Requirement:
Print, exactly as they stand, the lines below from the one that has "(ES-SCLC) 的III期EXTENTORCH研究结果发表在国际肿瘤学顶级期刊《美国医学会杂志·肿瘤学》 (JAMA" to the one that has "- Red pepper", inclusive, leaving out the pictures.

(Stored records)
--- --- ---

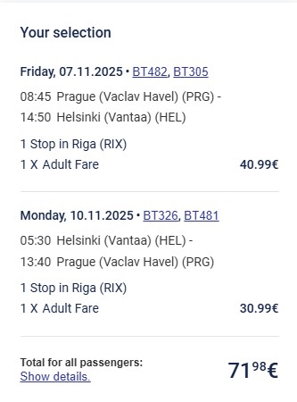 - Rezervuj: přímo přes náš vyhledávač nebo přes stránky airBaltic
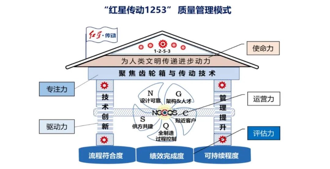 南高齒此次能斬獲榮譽,核心在于其獨創的 “紅星傳動 1253” 質量管理模式 —— 這也是大會關注的焦點亮點。該模式以企業戰略定位為指引,構建 “技術創新 + 管理提升” 雙輪驅動體系,搭建起以客戶為中心的 NGCQS 大質量管理運營平臺,最終形成覆蓋產品全生命周期的閉環質量管控體系。
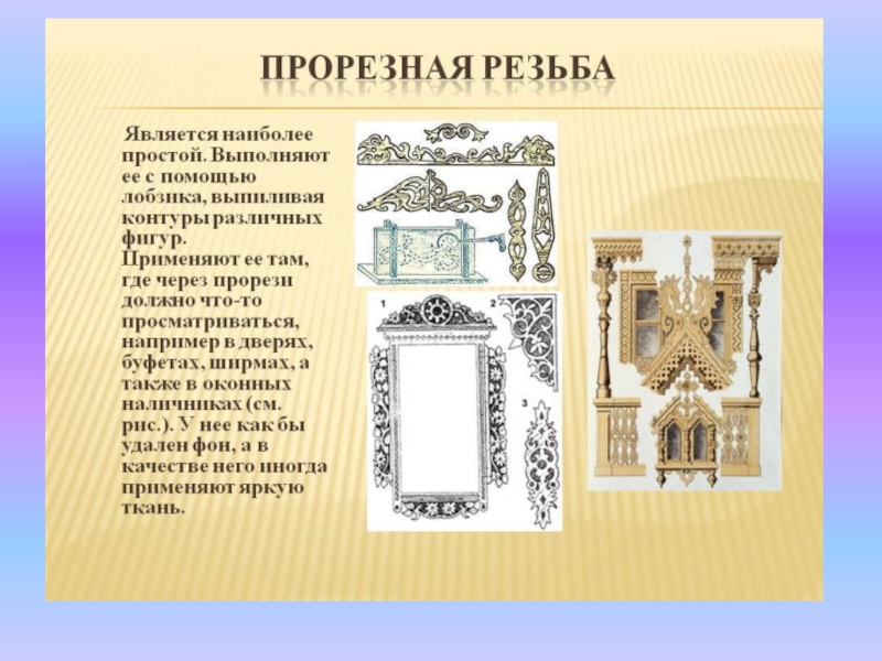 Пропильная деревянная резьба широкое распространение в народном искусстве получила в XIX
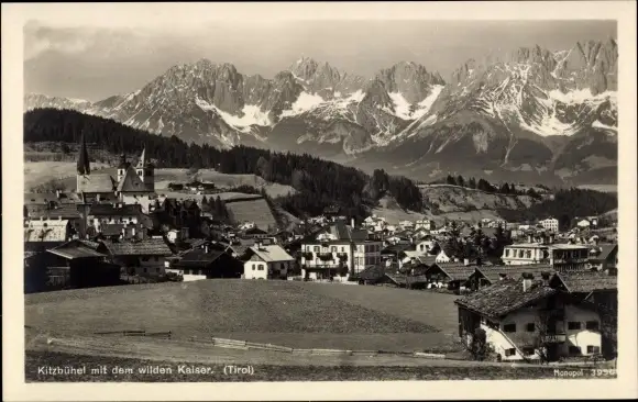 Ak Kitzbühel in Tirol, Ortsansicht mit dem wilden Kaiser
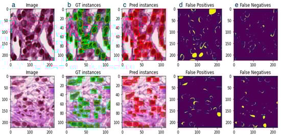 Two example analyses of a patch, (left to right). (a) Image, (b) ground truth instances (green bounding box + mask), (c) predicted instances (red bounding box + mask), (d) false positives, (e) false negatives.
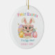 Celebrate a precious milestone with this adorable "Baby's First Easter" personalized ornament! Featuring a charming bunny wearing heart shaped glasses, surrounded by colorful Easter eggs, and the playful phrase "I'm Egg-cited!". Customize it with the baby's name and year to create a truly unique and cherished keepsake. Perfect for new parents, grandparents, or as a delightful addition to any Easter celebration.
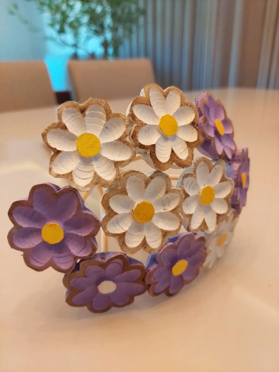 Buquê de rosas de madeira para decoração de ambientes internos.
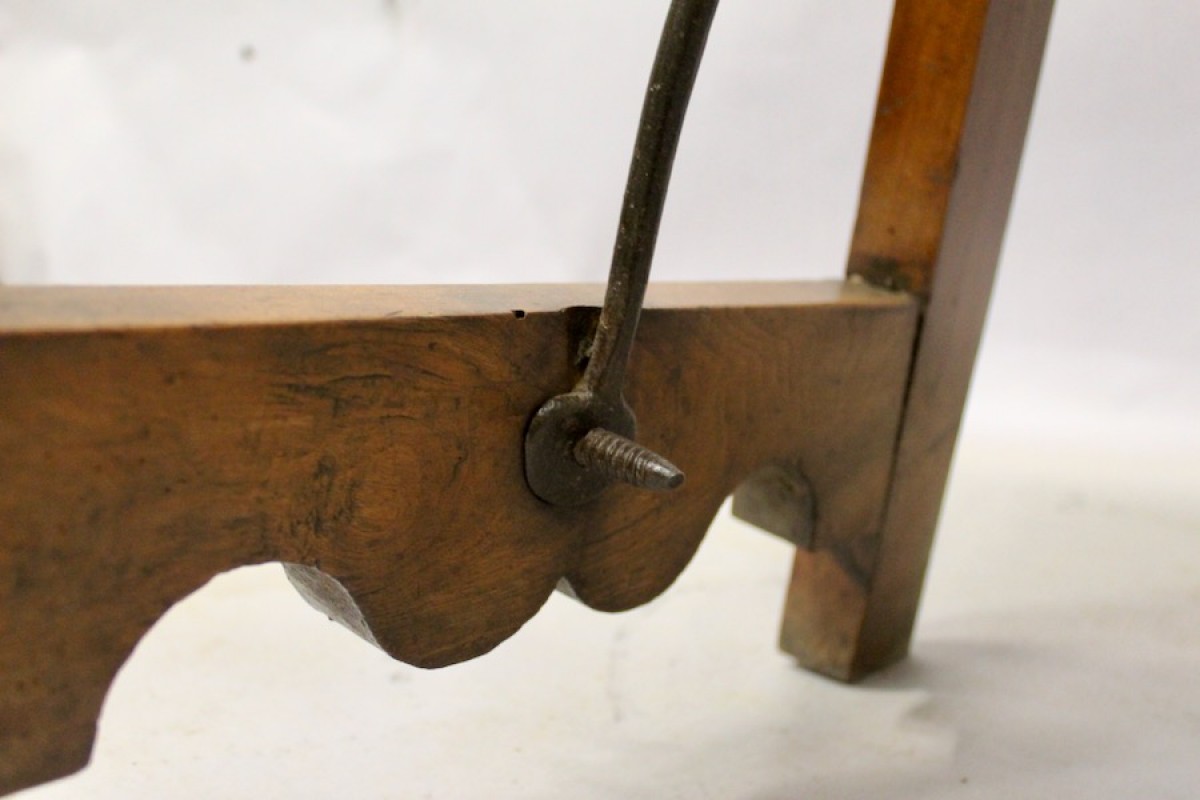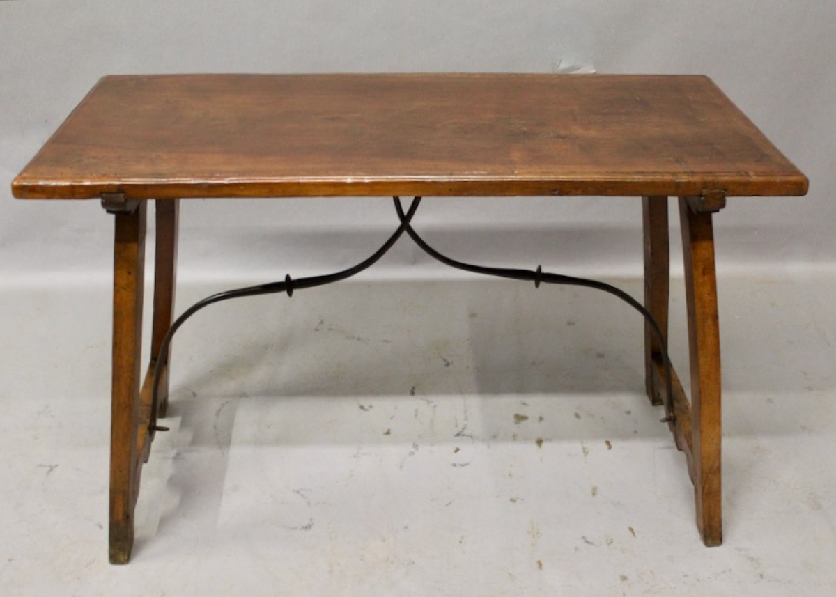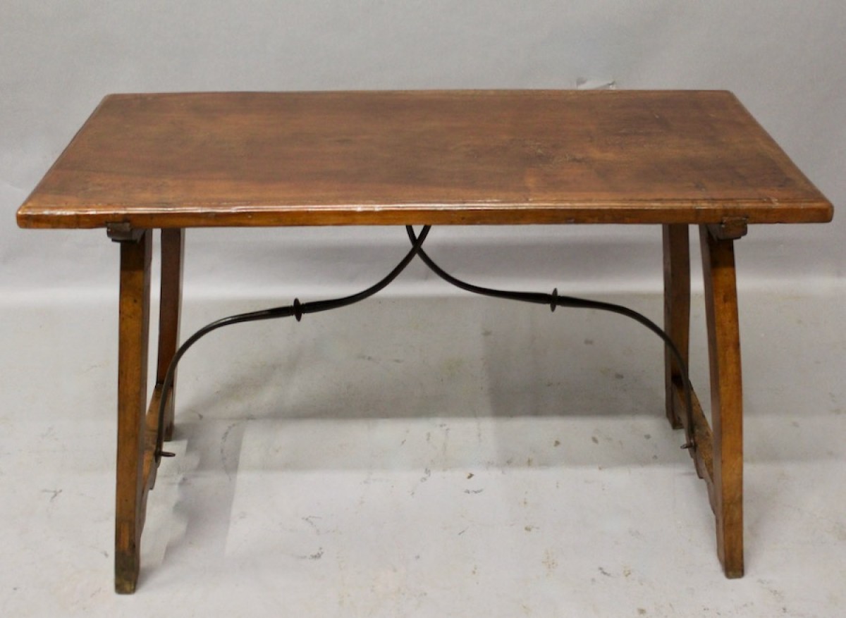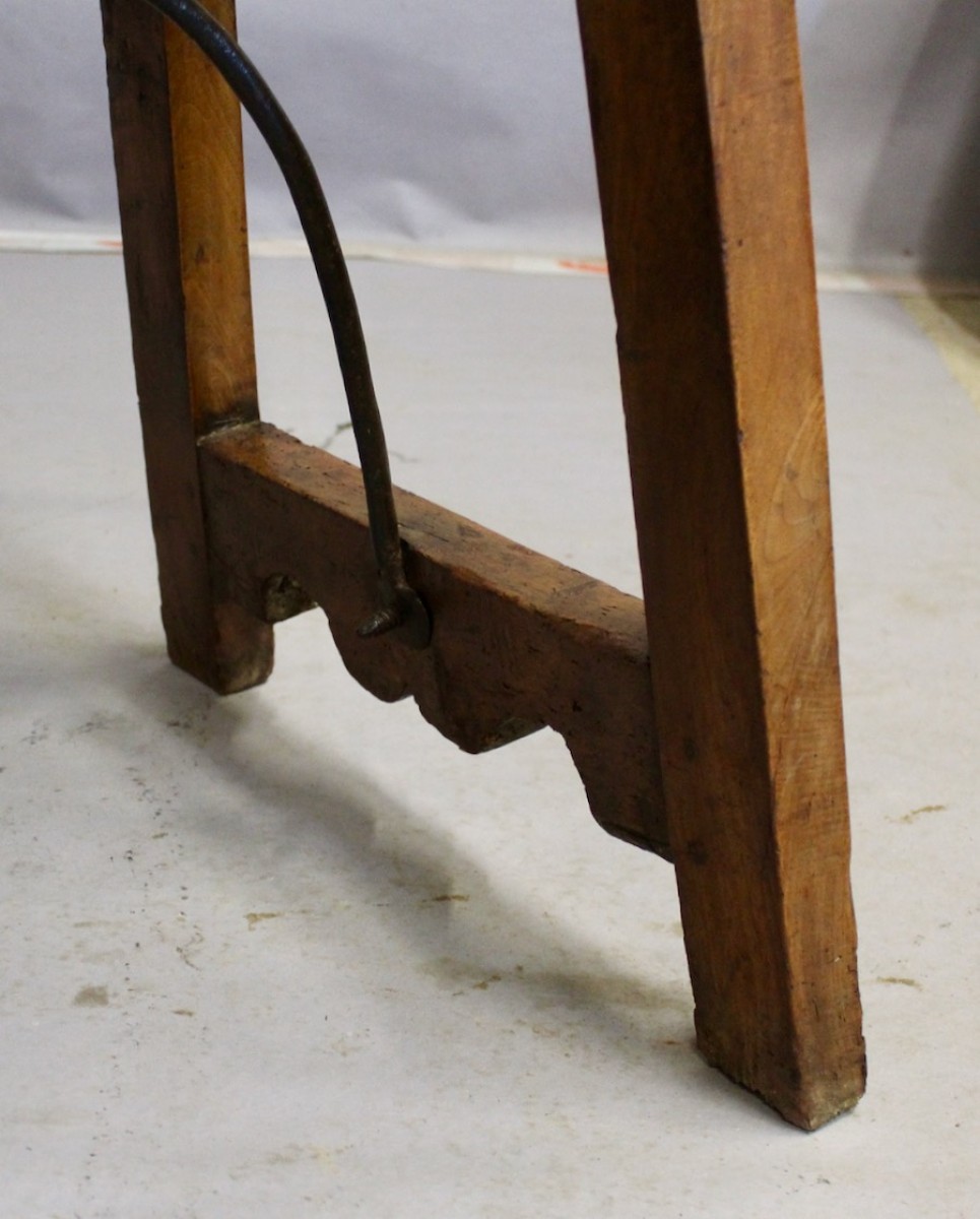 Elégante table espagnole en noyer massif,reposant sur deux pieds droits réunis par une entretoise en fer forgé en accolade,
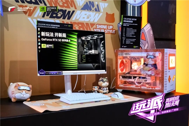 除了硬核性能,七彩虹還打造了高顏值桌搭體驗(yàn)區(qū)。一套是iGame 柒小希IP桌搭,白粉配色搭配柒小希首發(fā)紀(jì)念版RTX 5070顯卡,甜酷中透著戰(zhàn)斗力,深受二次元與DIY愛好者青睞;另一套是COLOFIRE MEOW橘貓電競(jìng)房,采用橘影橙RTX 5070顯卡與大量萌系裝飾,營(yíng)造出可愛賽博風(fēng)。兩套桌搭均搭載26.5英寸QD-OLED屏的AGON電競(jìng)顯示器AG276QSD/WS,它支持360Hz高刷新率、VESA DisplayHDR? True Black 400認(rèn)證與Quantum Dot量子點(diǎn)技術(shù),兼顧疾速響應(yīng)與精準(zhǔn)色彩。不僅滿足電競(jìng)需求,也以純白外觀與極簡(jiǎn)設(shè)計(jì),成為“實(shí)力與顏值兼?zhèn)洹钡淖来钪x。
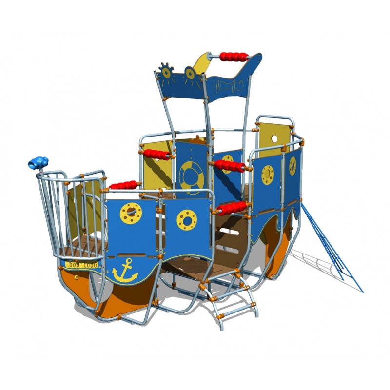 De configuration compacte, cette aire de jeux permet aux enfants de s'amuser en sécurité.
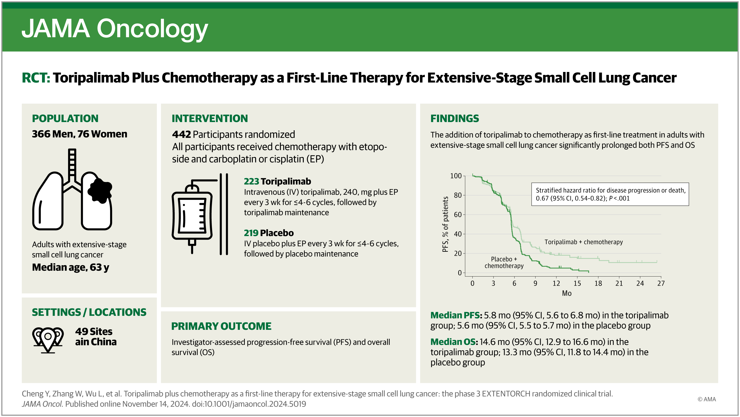 当地时间11月14日,由吉林省肿瘤医院程颖教授牵头开展的特瑞普利单抗联合化疗一线治疗广泛期小细胞肺癌 (ES-SCLC) 的III期EXTENTORCH研究结果发表在国际肿瘤学顶级期刊《美国医学会杂志·肿瘤学》 (JAMA Oncology,IF2023=22.5),为ES-SCLC一线免疫治疗再添重磅循证医学证据。程颖教授为本文的第一作者和通讯作者。
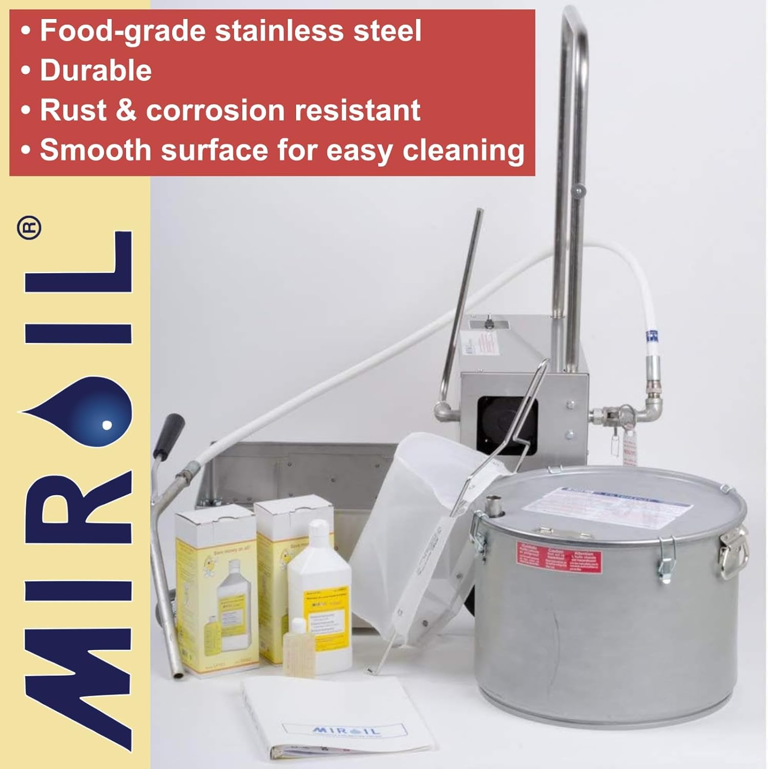 - EASY TO USE ELECTRIC FRYER OIL FILTRATION SYSTEM WITH REUSABLE FILTER BAG AND DISCARD TROLLEY - The MirOil BD 707 Electric Fryer Oil Filtration System simplifies fryer upkeep with its efficient and user-friendly design. Simply drain your fryer oil through the included reusable MirOil filter bag into the discard trolley, then flip the switch to pump clean, filtered oil back into your fryer with ease. This hassle-free system saves time, reduces waste, and extends oil life, ensuring superior food quality.
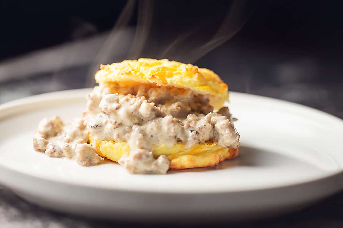Pre-heat oven to 400F. Line a baking pan with parchment, a silicone baking mat, or spray with cooking spray. Add all of the biscuit ingredients to a large bowl and stir to combine.
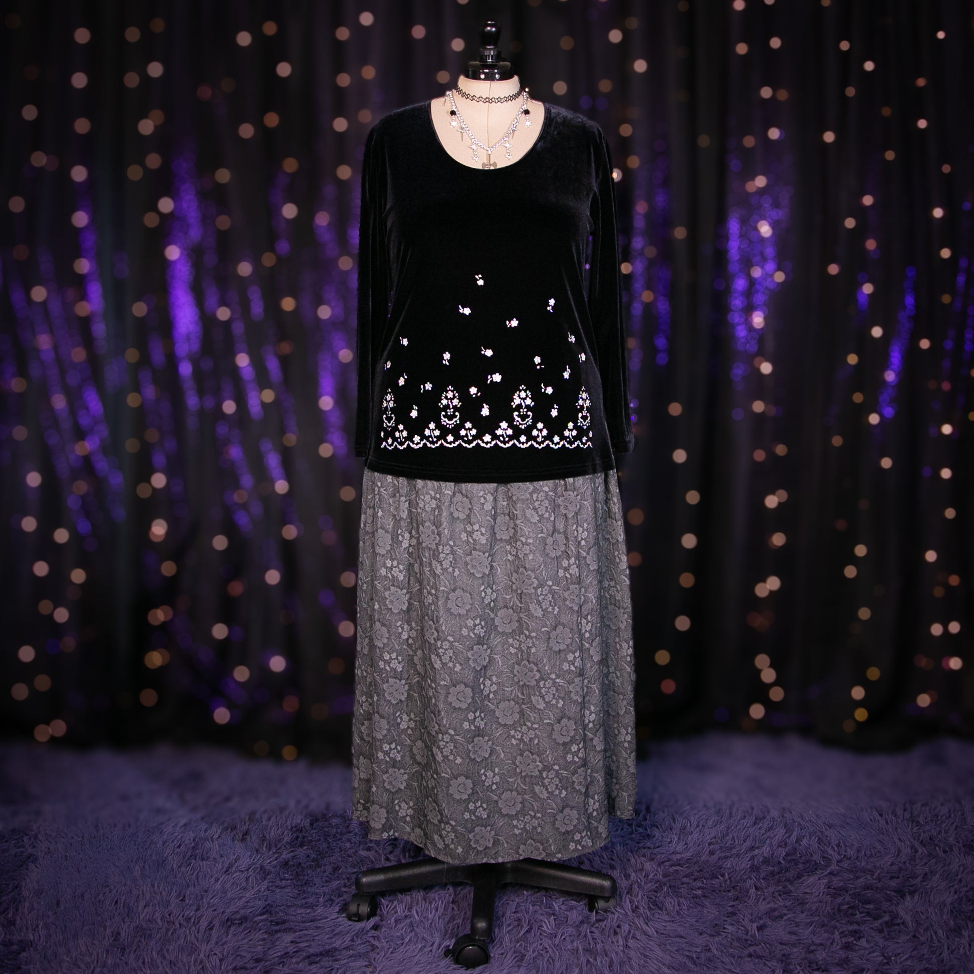 - Pattern: Solid with Silver Glitter Cascading Florals at Bottom Hem
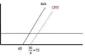 This is the leftmost of the lines , and the one for which is the largest. The device corresponding to this line is called the system bottleneck and the other lines for the other devices are the potential bottlenecks due to those devices. The bottleneck and potential bottlenecks above are easily located. Observe that each is a straight line with an intercept on the horizontal (terminal) axis of and a slope of . Since gets smaller as the lines progress from left to right they have the appearance of “falling down”.
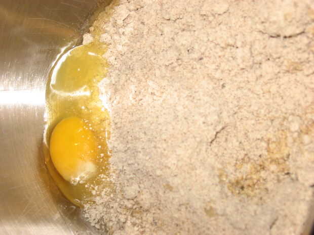 Carck abierto el huevo añadir a la taza. Mida 1 4 taza de agua tibia y añadir también.
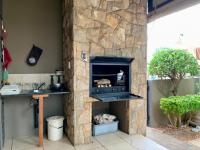 The open-plan kitchen, lounge, and dining area create a seamless flow, perfect for modern living and entertaining. Sliding doors lead out to a patio with a built in braai and a spacious, well-kept garden, ideal for pets, kids, or relaxed outdoor living.
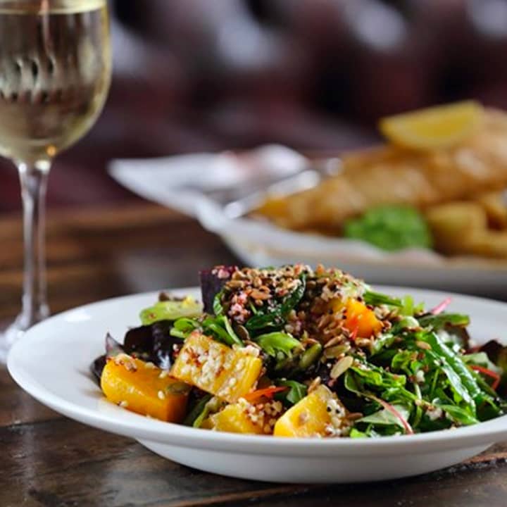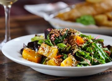 - Red pepper & quinoa burger in an ancient grain bun with marmalade-roasted beets, lentils & pickled walnuts with a herb dressing (VE)
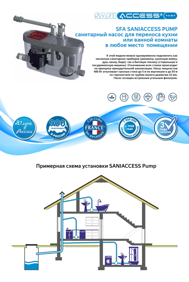 Канализационный насос SFA Saniaccess Pump - это готовое техническое решение для организации принудительной канализации. Сочетание достаточной мощности, надежного измельчителя и компактных размеров делает его пригодным для монтажа в сантехнический шкаф или нишу. Оборудование решает задачу отвода серых и черных стоков там, где самотечная система невозможна, обеспечивая долгосрочную и беспроблемную эксплуатацию.
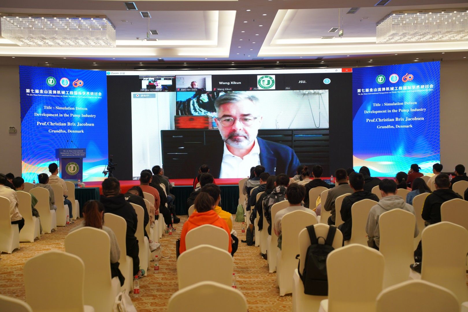 学术讲座环节由法国科学院骑士勋章获得者Gerard Bois教授主持。韩国仁荷大学Kwang-Yong Kim教授、52AV 王希坤教授、荷兰埃因霍温理工大学B.P.M. Van Esch教授、丹麦格兰富公司仿真技术总监Christian Brix Jacobsen教授,分别以几何效应对蜗壳式离心泵内部不稳定流动特性的影响、圆柱绕流的流动干涉机理及涡激振动研究、水泵站及水轮机过鱼损伤评估研究、水泵行业的仿真驱动发展为主题进行了精彩的专题报告。

--- --- ---

Written answer:
 当地时间11月14日,由吉林省肿瘤医院程颖教授牵头开展的特瑞普利单抗联合化疗一线治疗广泛期小细胞肺癌 (ES-SCLC) 的III期EXTENTORCH研究结果发表在国际肿瘤学顶级期刊《美国医学会杂志·肿瘤学》 (JAMA Oncology,IF2023=22.5),为ES-SCLC一线免疫治疗再添重磅循证医学证据。程颖教授为本文的第一作者和通讯作者。
 - EASY TO USE ELECTRIC FRYER OIL FILTRATION SYSTEM WITH REUSABLE FILTER BAG AND DISCARD TROLLEY - The MirOil BD 707 Electric Fryer Oil Filtration System simplifies fryer upkeep with its efficient and user-friendly design. Simply drain your fryer oil through the included reusable MirOil filter bag into the discard trolley, then flip the switch to pump clean, filtered oil back into your fryer with ease. This hassle-free system saves time, reduces waste, and extends oil life, ensuring superior food quality.
Pre-heat oven to 400F. Line a baking pan with parchment, a silicone baking mat, or spray with cooking spray. Add all of the biscuit ingredients to a large bowl and stir to combine.
 - Pattern: Solid with Silver Glitter Cascading Florals at Bottom Hem
 This is the leftmost of the lines , and the one for which is the largest. The device corresponding to this line is called the system bottleneck and the other lines for the other devices are the potential bottlenecks due to those devices. The bottleneck and potential bottlenecks above are easily located. Observe that each is a straight line with an intercept on the horizontal (terminal) axis of and a slope of . Since gets smaller as the lines progress from left to right they have the appearance of “falling down”.
 Carck abierto el huevo añadir a la taza. Mida 1 4 taza de agua tibia y añadir también.
 The open-plan kitchen, lounge, and dining area create a seamless flow, perfect for modern living and entertaining. Sliding doors lead out to a patio with a built in braai and a spacious, well-kept garden, ideal for pets, kids, or relaxed outdoor living.
 - Red pepper & quinoa burger in an ancient grain bun with marmalade-roasted beets, lentils & pickled walnuts with a herb dressing (VE)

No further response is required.